In 1997, the college principal, Mike Syms, put together the concept of an Information and Communication Technology learning centre.

In July 2006, the college had reached its fund raising target of £3.2 million and a further £370,000 for equipment and technology. In May 2004, the official ceremony took place; performed by HRH Prince Edward, Earl of Wessex. Just as his mother, the Queen, had laid the foundation stone for the college in 1949, Prince Edward carried out the unveiling of the foundation stone for the new centre almost 60 years later. The buildings architects were Patel Taylor of London. The main construction contract was given to a local company called Clegg Construction of Lace Market in Nottingham. Work commenced in May 2005, and the finished building was handed over in June 2006. The new building has ten teaching spaces.

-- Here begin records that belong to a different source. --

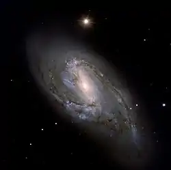 Messier 66 (also known as NGC 3627) is an w:intermediate spiral galaxy about 36 million w:light-years away in the w:constellation Leo. It was discovered by w:Charles Messier in w:1780. M66 is about 95 thousand light-years across[3] with striking dust lanes and bright star clusters along sweeping spiral arms.[4] M66 is part of the famous w:Leo Triplet, a small w:group of galaxies that also includes M65 and w:NGC 3628.
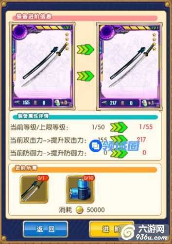 武器升阶类似于卡牌升阶,点击武器界面后就可以看到进阶按钮。不过不同于卡牌升阶,装备升阶只能提升等级上限、攻击力与防御力这三种属性。升阶消耗的能源道具可以通过分解装备的方式来获得。同卡牌升阶一样,装备升阶也要求装备必须是四星或者五星哦~
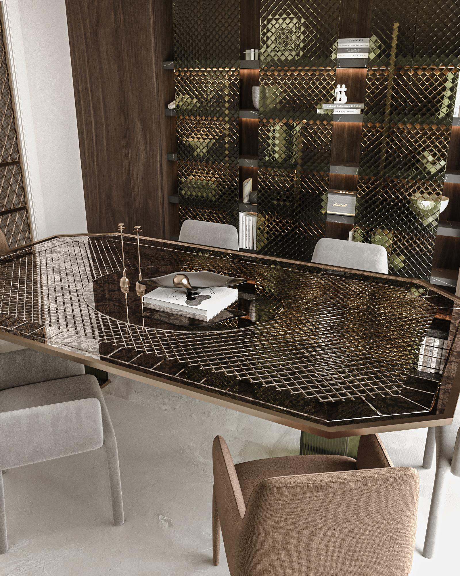The Cairo Table stands as a statement of luxury and craftsmanship, defined by its exquisite engraved and antiqued glass surface. Its bold octagonal silhouette and sculptural presence make it a true centerpiece that embodies both timeless sophistication and contemporary allure.
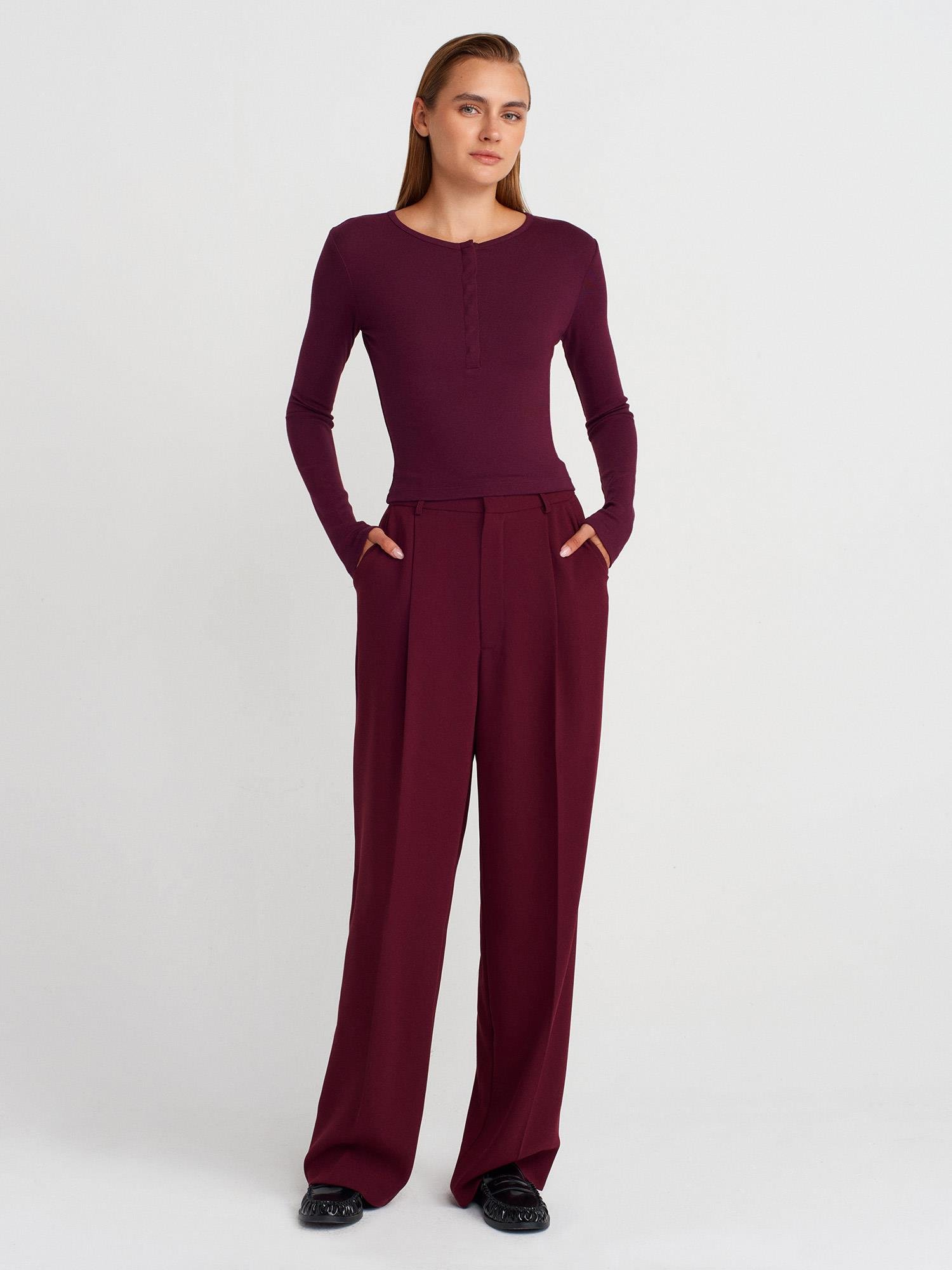 31442 Uzun Kollu Çıtçıt Düğmeli Top-Bordo
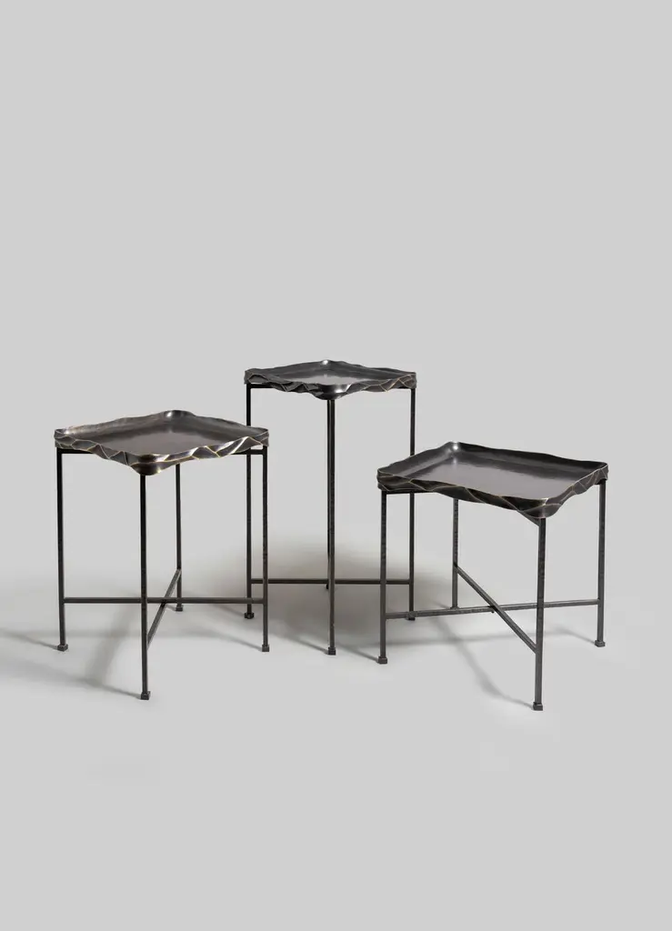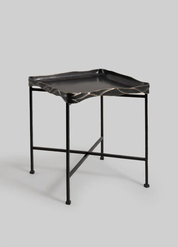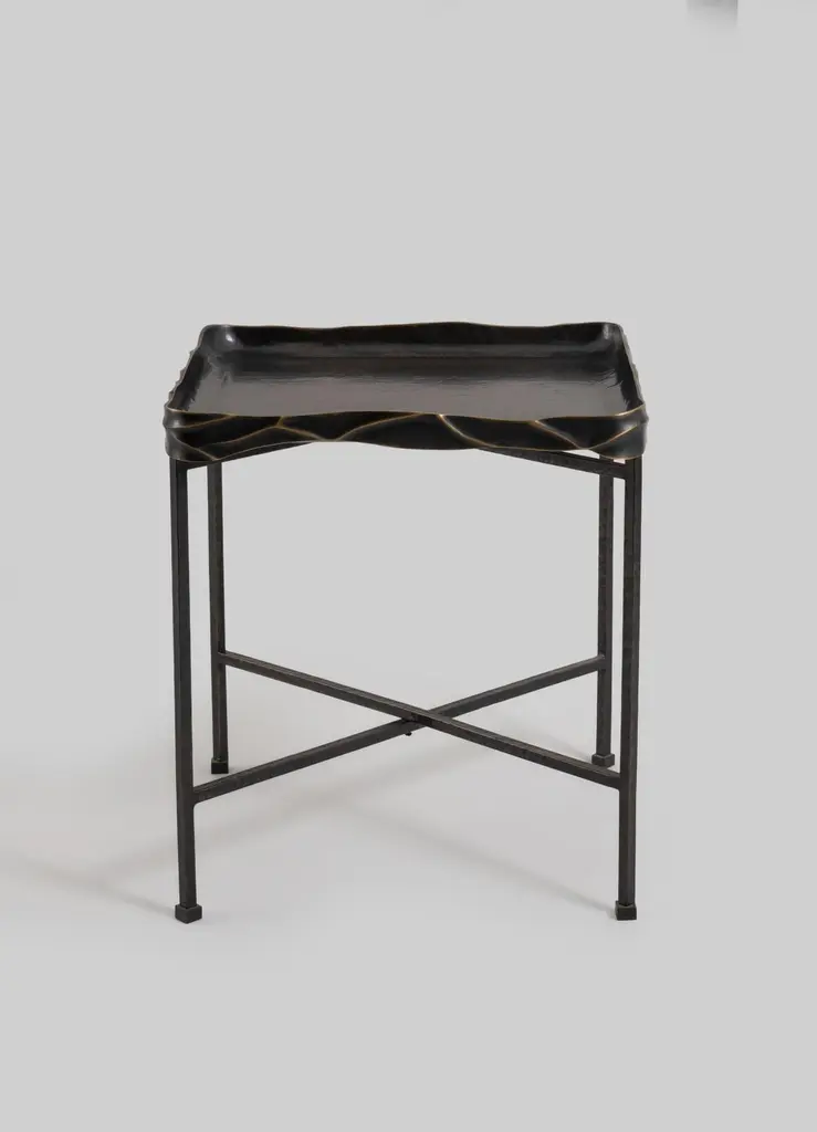 Under The Banyan Tray Table Large in Brass, Viya by Vikram GoyalEchoing ancient whispers of worship, each object captures the essence of the Banyan tree, believed to hold the divine power to fulfil wishes. Crafted with reverence, these pieces pay homage to the tree's sacred names—Vat Vriksha, Bargad, and Bahupata, the latter signifying its multitude of roots connecting earth and heavens. Beyond brass and form, these objects reflect the intricate dance of aerial roots, encapsulating the symbolism of longevity, mortality, and enlightenment.Tray Table in brass. Handmade in India.Product DetailsMaterial: BrassSize: 17.5"L X 17.5"W X 20"H 44.5 L X 44.5 W X 50.8 H cmWeight: 7.8 kg 17.16 lbsNumber of Pieces: 1 Tray TableSKU: VTT106This product has been handcrafted by local artisans. As such, slight variations are a testament to the unique character of a piece made by hand.
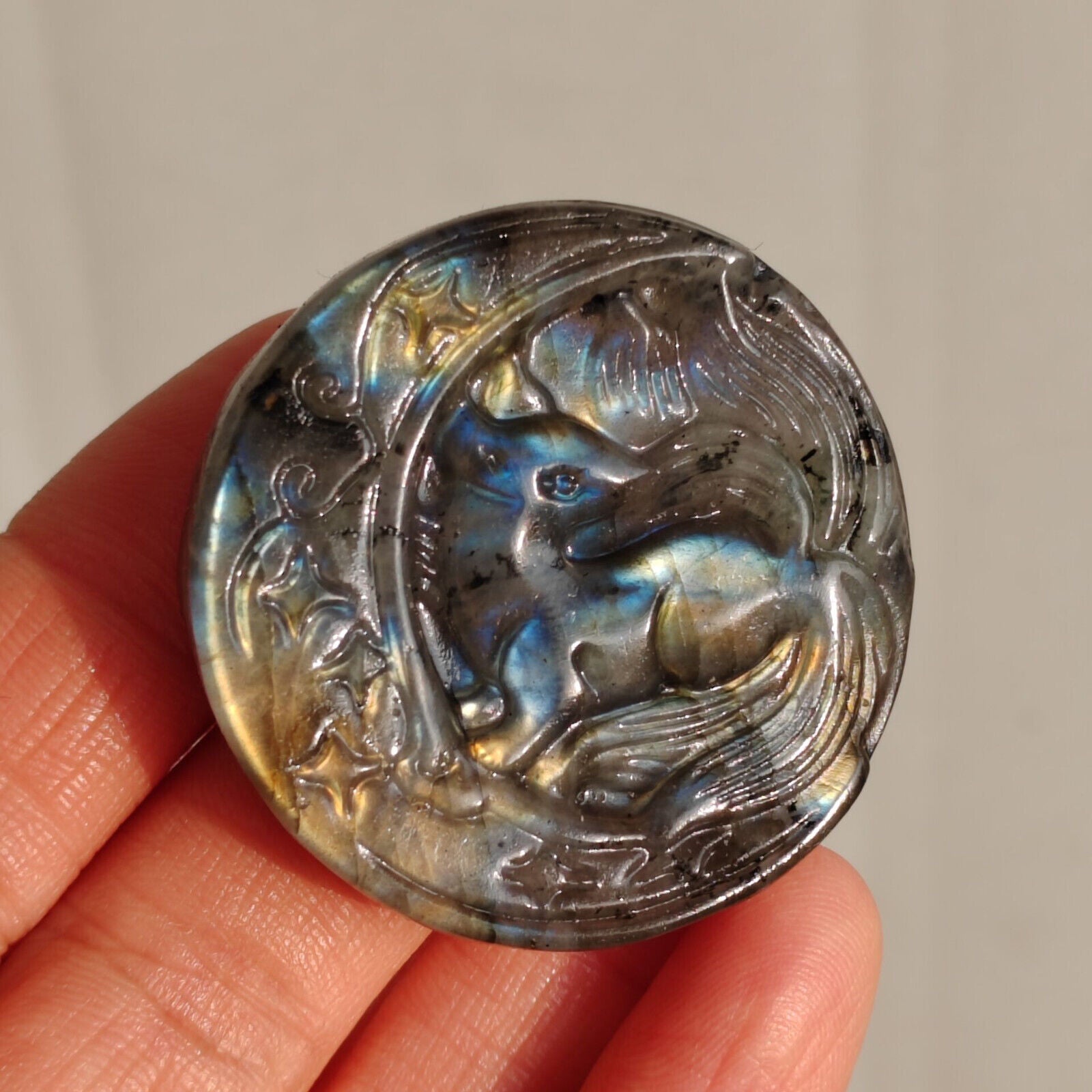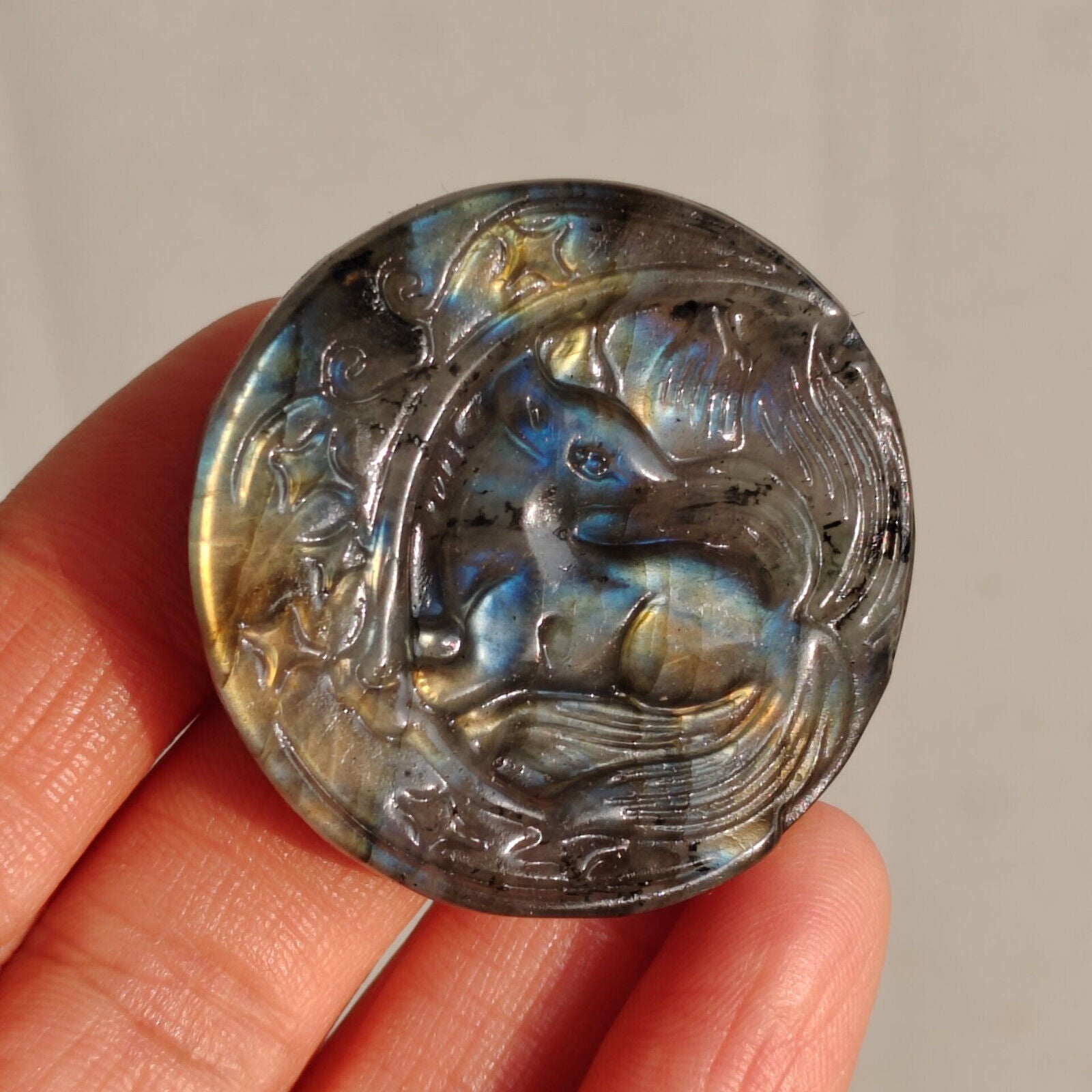 • Natural Crystal Labradorite Handmade Sculpture Fox

These teaching spaces include the IT Essentials Suite, Computer Aided Design Suite, CISCO and Microsoft Academies, Job Club and Transition Suite, Skills for Life/Learning Resource Suite, Alternative and Augmentative Communication (AAC) Suite, Learning and Skills Information Learning Technology Suite and a Research and Development Centre. There are also various meeting rooms and a new main reception. There are desks with computers, interactive whiteboards and ceiling-mounted projectors in some of the rooms.

== Awards ==
The college won an award for 'Best Local Academy' for the year 2000 in the UK, Europe, Africa and the Middle East. For its work in its Cisco Academy. The Karten Trust provides funds for the college's CTEC centre. In 2003, the college became a Microsoft Office Specialist Authorized Testing Centre, with the Microsoft Academy giving students opportunities for qualifications in the full range of Microsoft Programmes. The number of students at Portland has stabilised in recent years to a level of between 250 and 300 students. With around 30 of these being day students from the surrounding area. The employment students attend the course on a steady roll-on-roll-off basis rather than an academic year.